Practice makes myelin, and myelin makes Perfect

Have you heard the old adage of ‘Practice makes Perfect’? Most people have. When learning a new skill or movement at the gym you need to spend time ‘under the bar’, or breaking a movement down into parts and then piecing them back together. This adage is true - you get better at what you practice, and if you practice perfectly, you get better at performing perfectly. However,  if you practice poorly, you only get better at performing poorly.  This highlights a crucial concept that can make or break your rehab, which is quality

Sometimes, in the clinic, we treat people who are doing all the right exercises and release work, but the quality of their rehab sucks. I constantly remind my clients that I would much rather them to 1 great rep of a exercise, rather than 100 poor ones - because that will get them closer to getting their goals and back to what they love.  More reps doesn’t necessarily get you better results - it’s about quality NOT quantity.
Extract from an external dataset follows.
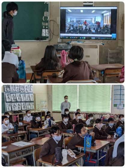 5年生は、図書委員会の児童が紙芝居の読み聞かせ役で各学級をまわっているため、それぞれのクラスでは、以前に先生方が行なったビブリオバトルの動画を視聴しました。

In a rehab setting we hear things like ‘squats are the reason why my knee hurts’ or ‘I hurt my back deadlifting, and so now I avoid it’ all the time.  I would challenge most people, is that it’s not the exercise’s fault rather a technical or a loading fault.  What we see is that people have developed poor movement patterns and have practiced these so much that they become ingrained into their system and they become habitual. They don’t feel like they are moving poorly because their training is going well, they are hitting new PR’s. The bodies ability to compensate is pretty incredible, it just gets the job done. Until... it’s had enough or can’t compensate anymore, and then something gives and they end up injured, broken and all jacked up.

Can you spot the difference with these two squats. At quick glance they both look like a squat. But the squat on the left my weight is too far in my forefoot, causing my knees to load more than my hips, as a result this loads the muscles of my anterior chain, or the front of my body, more than my posterior chain, or the back of my body, causing an imbalance of muscle load, which over time, can potentially cause an ‘annoyed’ knee, hip or back etc. In the photo on the left you will also notice the increased load on my anterior chain forces me to round my back, in order to achieve the same depth as the squat on the right. This may potentially put my lower back at risk, and/or contributing to my neck pain that I thought was due to work or those tight sore ankles. In both photos I can still squat but is the squat on the left destined for longevity? Maybe, but most likely not.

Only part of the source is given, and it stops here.